If you get a Cesky puppy from a breeder, they would give you a feeding schedule and it's important to stick to the same routine, feeding the same puppy food to avoid any tummy upsets. You can change a puppy's diet, but this needs to be done very gradually always making sure they don't develop any digestive upsets and if they do, it's best to put them back on their original diet and to discuss things with the vet before attempting to change it again.
Older dogs are not known to be fussy or finicky eaters, but this does not mean you can feed them a lower quality diet. It's best to feed a mature dog twice a day, once in the morning and then again in the evening, making sure it's good quality food that meets all their nutritional requirements. It's also important that dogs be given the right amount of exercise so they burn off any excess calories or they might gain too much weight which can lead to all sorts of health issues. Obesity can shorten a dog's life by several years so it's important to keep an eye on their waistline from the word go.

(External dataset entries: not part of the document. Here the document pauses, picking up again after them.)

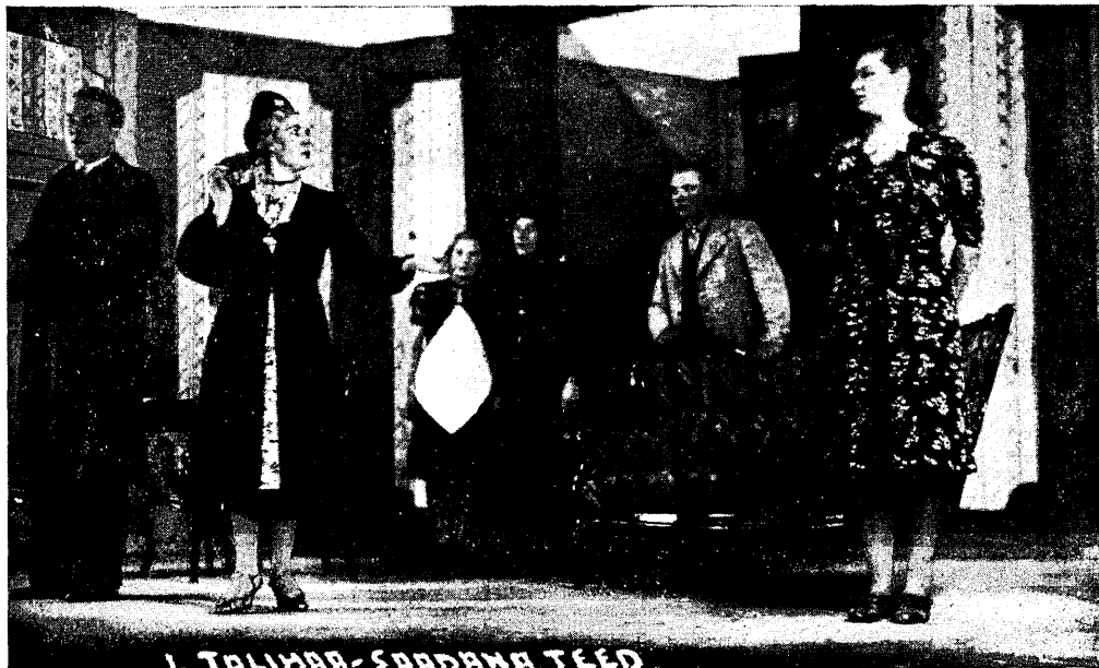
Stseen kolmandast vaatusest. Autori lavastus Pärnu „Nooruses“.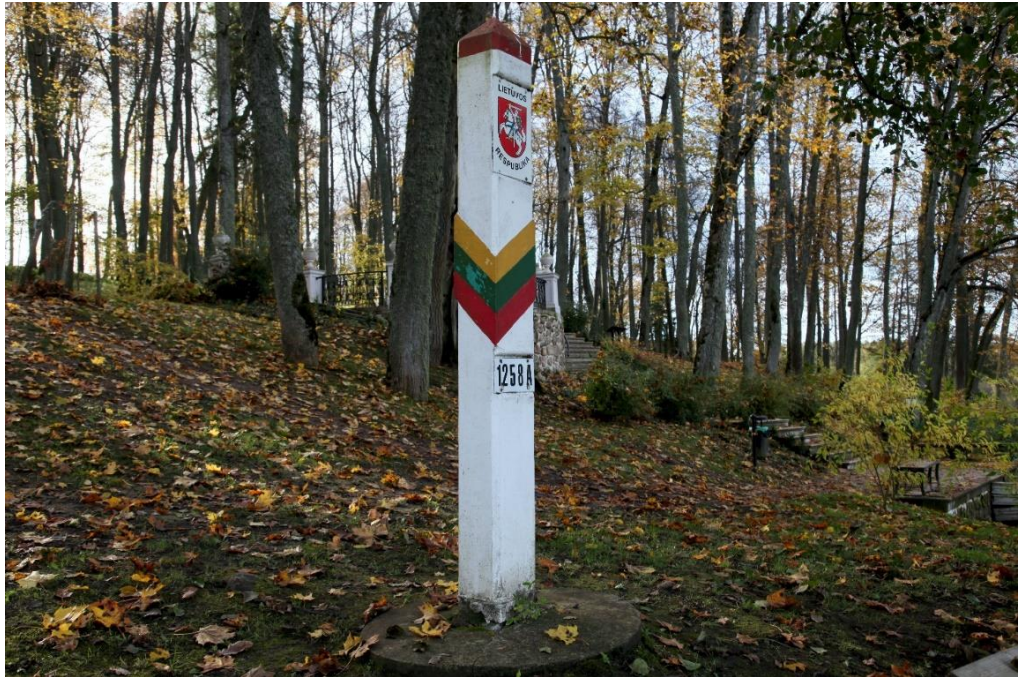
Ilgio ežeru eina Lietuvos-Latvijos siena. Pasienio stulpas ežero krante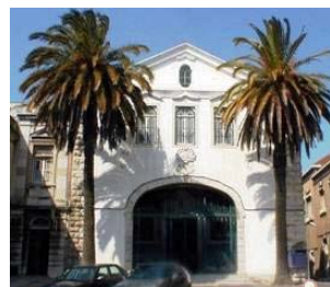
Hospital Santo António dos Capuchos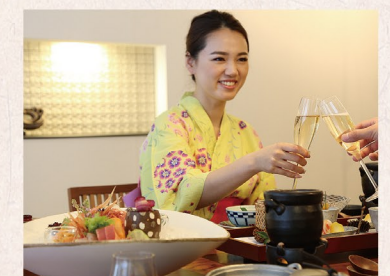
女性には数種類から選べる色浴衣を用意。足湯や夕食などつろぎのひと時を好みの浴衣で過ごして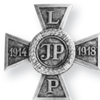
» Odznaka Instytutu - replika Krzyża Legionowego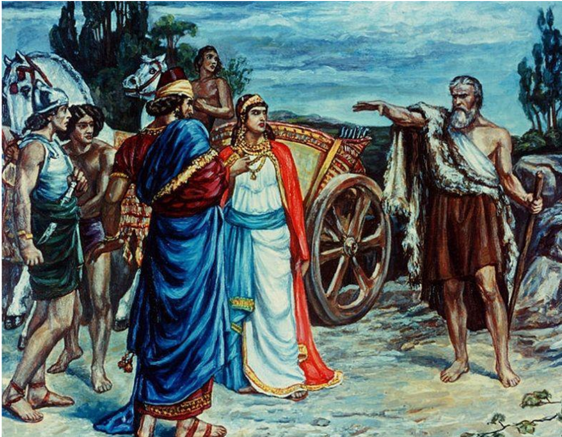
Εικόνα Ο ΠΡΟΦΗΤΗΣ ΗΛΙΑΣ ΚΑΤΑ ΤΟΥ ΑΧΑΑΒ ΚΑΙ ΤΗΣ ΙΕΖΑΒΕΛ

Ο προφήτης Ηλίας εμφανίστηκε σε μια δύσκολη εποχή για τον Ισραήλ, όταν στο βόρειο βασίλειο βασίλευε ο Αχαάβ , ένας κακός και ασεβής βασιλιάς, που επηρεαζόταν από την ειδωλολάτρισσα σύζυγό του Ιεζάβελ .

If you are looking to buy a Cesky you may have to go on a waiting list because not many puppies are registered with The Kennel Club every year and you would need to pay anything from £500 upwards for a well-bred pedigree puppy. The cost of insuring a male 3-year-old Cesky Terrier in northern England would be £21.20 a month for basic cover but for a lifetime policy, this would set you back £49.42 a month (quote as of May 2016). When insurance companies calculate a pet's premium, they factor in several things which includes where you live in the UK and a dog's age and whether or not they have been neutered or spayed.
When it comes to food costs, you need to buy the best quality food whether wet or dry, to feed your dog throughout their lives making sure it suits the different stages of their lives. This would set you back between £20 - £30 a month. On top of all of this, you would need to factor in veterinary costs if you want to share your home with a Cesky and this includes their initial vaccinations, their annual boosters, the cost of neutering or spaying your dog when the time is right and their yearly health checks, all of which quickly adds up to over a £800 a year.
As a rough guide, the average cost to keep and care for a Cesky Terrier would be between £50 to £80 a month depending on the level of insurance cover you opt to buy for your dog, but this does not include the initial cost of buying a pedigree puppy.